Wigan strikers on the march

Wigan strikers on the march (Pic: Socialist Worker)


Many people on the demonstration are looking to a Jeremy Corbyn-led Labour government to stop the Tories' assault on the NHS.

Corbyn told demonstrators to have the “absolute determination that we will go to the end of the earth and beyond to defend our National Health Service.

He sent out “a special thank you to the Wigan campaigners stopping privatisation of jobs and services. Congratulations to Unison and Unite union members for the work they’re doing”.

Huge cheers erupted when Corbyn said, “I don’t pay my taxes so some shareholder can rip off the public and squirrel the money away.”

Some protesters argued it was also important to fight now and not wait four years for a general election. Keith Strangwood, chair of the Save Our Horton hospital campaign, told Socialist Worker, “We're here because we need unity, it's about people power.

All politicians have been part of privatisation.

Push

A bigger push from the union leaderships—including strikes—could repel the Tories' attacks. Amerit, a Unison union worker from north London, told Socialist Worker, We need to keep up the pressure on the government.

“There has not been enough of it if you think about the whole situation with the Grenfell Tower fire and the Windrush scandal.”

Nurse Andy was leading chants on a lively Migrants Make Our NHS bloc organised by Stand Up To Racism. “The Tories are trying to divide us and stop us fighting for the NHS,” he told Socialist Worker.

“We have to show people that the NHS wouldn't work without migrants.

“We also have to organise on every ward and GP surgery to give confidence to workers to refuse to implement passport checks in the NHS.

“The NHS should be free for everyone.”

TUC general secretary Frances O'Grady said, “The only reason the NHS has kept going is because of our wonderful staff.

“Not just the doctors and the nurses, but the porters, the cleaners, the caterers.”

She added, “Don't let any of those poisonous politicians who want to scapegoat migrant workers divide us. We are united.”

There needs to be more struggle, more strikes like the one in Wigan and a systematic battle against racism and fascism.

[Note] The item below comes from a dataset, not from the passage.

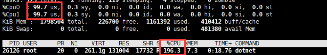 查看服务器核心数 是在16个. Linux用top命令看的话,理论上CPU跑到1600%才算吃满,但是程序只吃了单个核.
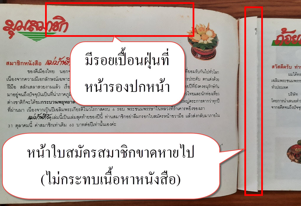 (3) หน้าใบสมัครสมาชิกขาดหายไป (ไม่กระทบเนื้อหาหนังสือ) รายละเอียดตามภาพ

Weyman Bennett from Stand Up To Racism told the rally, “Theresa May is responsible for building a hostile environment for migrants. We will defend the NHS from the hostile environment.

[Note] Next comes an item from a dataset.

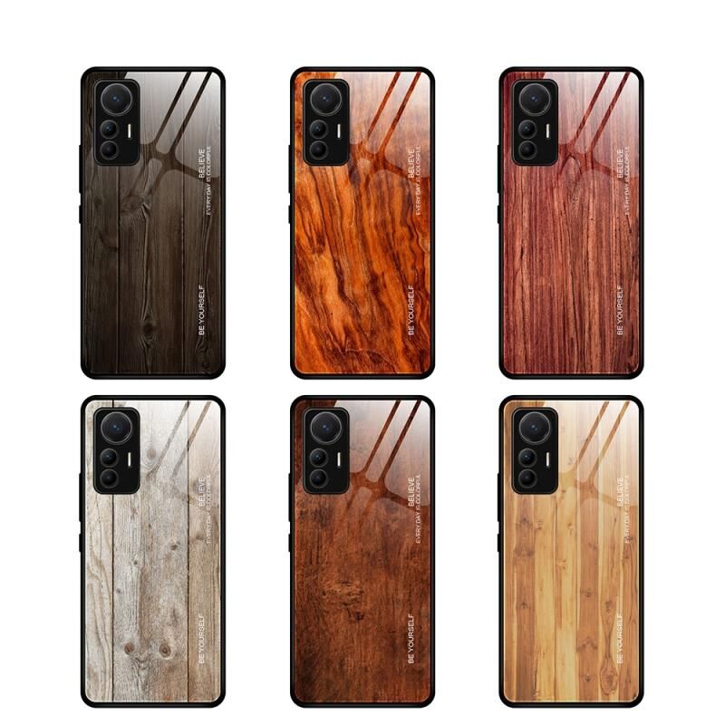 Για Xiaomi 12 Lite Wood Grain Glass Προστατευτική θήκη (ανοιχτό καφέ)

“We would like you to come here on Friday 13 July to send a message to Donald Trump that he's not welcome. And we want you to come on Saturday 14 July against Tommy Robinson's supporters.”

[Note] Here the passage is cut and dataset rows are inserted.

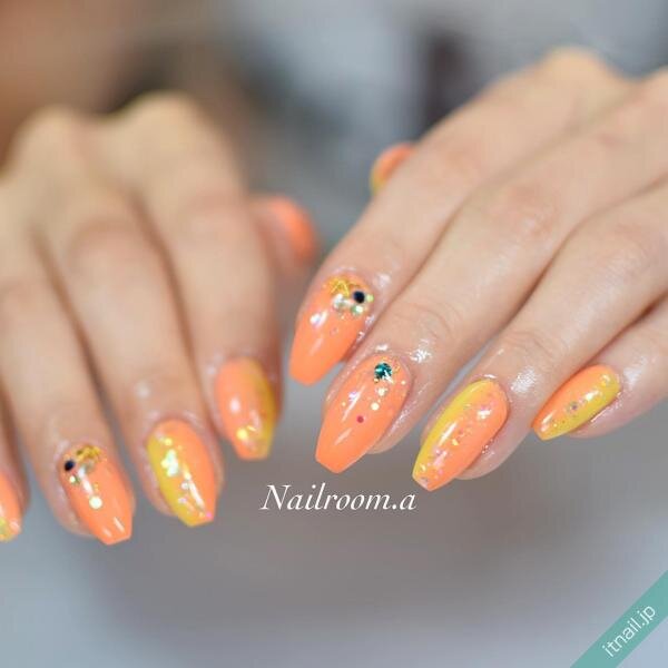 オレンジのみの縦グラデーションネイルもおしゃれですが、夏は同じくビタミンカラーのイエローを使うのもGOOD♡オレンジからイエローの自然な変化が楽しめますし、指先を見るたびに元気をくれそう!
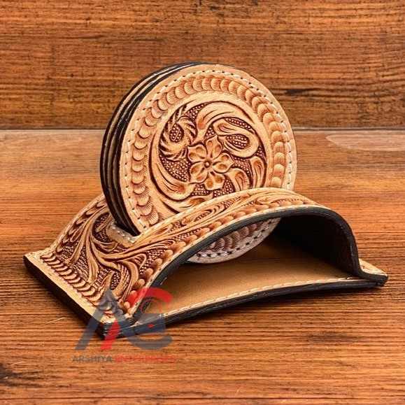 Hand Tooled Leather Coasters With Stand Coaster Set
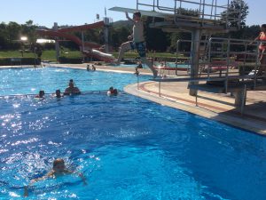Nichtstun und die Kinder drängen zu Recht darauf das anliegende Erlebnisbad zu besuchen. Somit wird der Aufbau des Rest-Lagers kurzerhand verschoben und wir geniessen die verbleibende Stunde vor Schliessung des Freibads in wortwörtlich vollen Zügen. Die gepflegte Schwimmanlage bietet alles was man an so einem Tag braucht. Kleinkinder-, Erlebnis-, Nichtschwimmer- und Schwimmerbecken, Rutsche, Strudel, Blubberbad, Volleyballfeld, Slackline, Piratenkiosk und schattige Plätze um nicht so ganz dem heissen Stern über uns ausgeliefert zu sein. Nach dieser Erfrischung zur Abendstunde knurren

Together Against Trump, Friday 13 July, 2pm, BBC Portland Place, march to Trafalgar Square for rally at 5pm. Unity protest against the Nazis and Tommy Robinson, Saturday 14 July, 2pm, central London. Go to www.facebook.com/events/169517280565963/


Doctors' conference rejects racism

Delegates to the BMA doctors’ organisation’s conference pledged to resist the Islamophobic “Prevent” strategy last week.

A motion said it “leads to racial profiling” and called on the “BMA to support all members who refuse to take part in the Prevent programme”.

The Counter Terrorism and Security Act legally forces public sector workers—such as health workers and teachers—to spy for signs of “radicalisation”.

The majority of referrals under Prevent are Muslim.

Jackie Applebee Turner from east London said, “The main focus is clearly on Islamic extremism and this builds a climate of fear and mistrust.

“It feeds Islamophobia and leads to racial profiling.

“Home Office data shows that Muslims are 40 times more likely to be referred than someone who is not Muslim.

She added, “Prevent feeds Theresa May’s hostile environment which emboldens racists and provides fertile ground for their organisations to grow.”


Ambulance strike over pay

Ambulance workers across the North West of England struck for six hours over pay last Friday.

It was the second walkout by the GMB union members as part of a long-running dispute over job evaluation.

They previously struck in June for the first two hours of each shift over the course of a day.

North Western Ambulance Service bosses have dragged their feet over a job re-evaluation process.

The GMB said paramedics working for NWAS have been waiting for the outcome for 12 years.